Limited release on December 25, 2014. Nationwide release on January 16, 2015. Action/Biography/Drama. This film is rated R for strong and disturbing war violence, and language throughout including some sexual references. Runs 132 minutes. An American production. Directed by Clint Eastwood. Written by Jason Hall. Based on a book by Chris Kyle and Scott McEwen and Jim DeFelice. Cast: Bradley Cooper, Kyle Gallner, Ben Reed, Keir O’Donnell, Kevin Lacz, Jake McDorman, Cory Hardrict, Sienna Miller, Luke Grimes, Sammy Sheik, Mido Hamada, Sam Jaeger, and Chance Kelly.


By Alexander Diminiano

Clint Eastwood is a good director, but also an overrated one. Sure, there’s many films he’s made behind the camera that I thoroughly enjoyed–however, a good director gives us something for us to enjoy, whereas a great director gives us something for us to marvel at. With the exception of “Letters from Iwo Jima”, I’ve reacted to every Eastwood-directed movie the same way. Entertained, but expecting just a bit more.

My reaction has remained unchanged as of “American Sniper”. This film really connects with the emotions with its audience. The true story it recounts proves unmistakably poignant and exciting through Jason Hall’s screenplay. But how much of the screenplay was cut from the final product, I wonder? My immediate reaction once the credits started rolling was a disbelieving “That’s all?”
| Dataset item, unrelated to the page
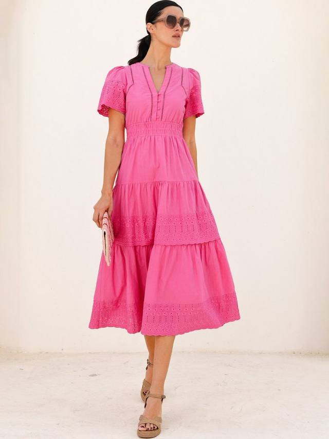 Это платье миди добавит игривой элегантности вашим дневным выходам. Многоуровневый А-образный крой не стесняет движений, а мягкая вышивка ришелье добавляет текстуру. Короткие рукава и V-образный вырез обеспечивают прохладу и комфорт, позволяя вам чувствовать себя уверенно весь день.

It’s important to note that the title is “American Sniper”. The keyword is not “sniper,” and if it were, we wouldn’t have such an emotionally built movie. Chris Kyle (Bradley Cooper) may be the most lethal sniper in U.S. history, with 160 reported kills, and likely many more. But he doesn’t relish this statistic at all. In fact, what makes Kyle a respectable hero in “American Sniper” is that he dedicates himself to his country. This is a true patriot, a man who would never lay a finger on another human being if it weren’t to protect the United States of America. What’s saddest about this is watching Kyle come home from each tour of duty. He serves in four of them over in Iraq, and he never manages to return to his family as the same man he was before the war. Bradley Cooper performs convincingly as the man afflicted by post-traumatic stress disorder–the man who can never come home from war except physically.